DATA FOR REVIEW below:
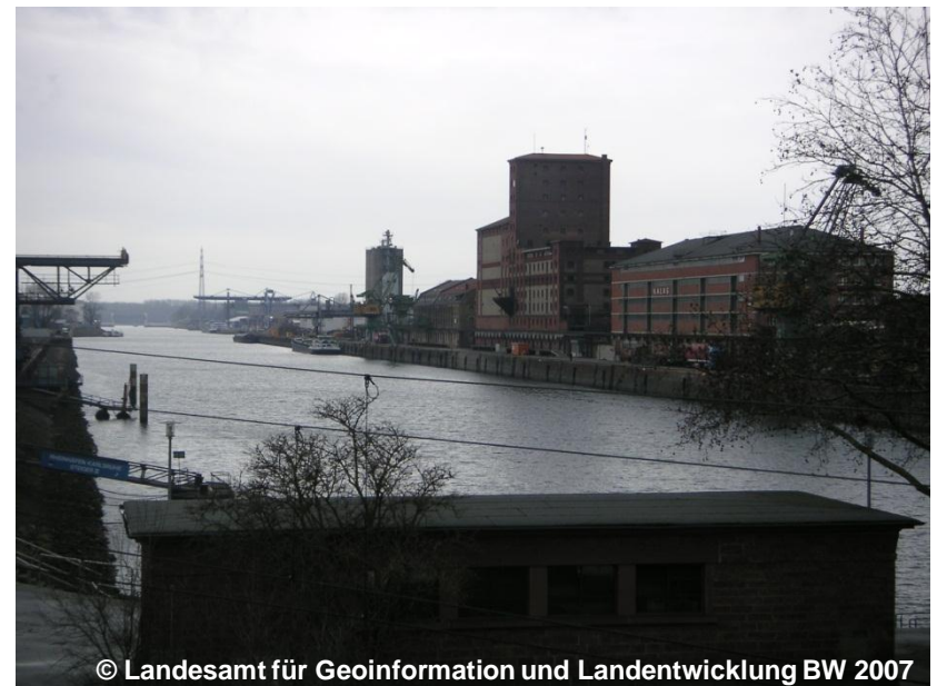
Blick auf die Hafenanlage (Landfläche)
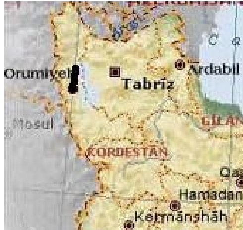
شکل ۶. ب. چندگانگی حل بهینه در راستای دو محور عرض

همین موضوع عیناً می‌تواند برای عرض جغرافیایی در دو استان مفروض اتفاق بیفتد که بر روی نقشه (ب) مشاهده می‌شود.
End of DATA FOR REVIEW.
DATA FOR REVIEW below:
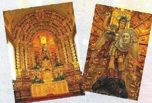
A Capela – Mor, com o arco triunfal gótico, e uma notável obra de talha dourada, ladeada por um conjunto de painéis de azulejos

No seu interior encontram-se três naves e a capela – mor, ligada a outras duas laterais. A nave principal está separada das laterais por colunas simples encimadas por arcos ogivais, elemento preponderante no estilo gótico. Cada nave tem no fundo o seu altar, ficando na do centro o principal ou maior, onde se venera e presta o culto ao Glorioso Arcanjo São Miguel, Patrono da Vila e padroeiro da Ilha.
End of DATA FOR REVIEW.
- [WHAT YOU SHOULD DO]:
Read the entries and show each line that mentions "gótico".

- [EXERCISE SOLUTION]:
A Capela – Mor, com o arco triunfal gótico, e uma notável obra de talha dourada, ladeada por um conjunto de painéis de azulejos
No seu interior encontram-se três naves e a capela – mor, ligada a outras duas laterais. A nave principal está separada das laterais por colunas simples encimadas por arcos ogivais, elemento preponderante no estilo gótico. Cada nave tem no fundo o seu altar, ficando na do centro o principal ou maior, onde se venera e presta o culto ao Glorioso Arcanjo São Miguel, Patrono da Vila e padroeiro da Ilha.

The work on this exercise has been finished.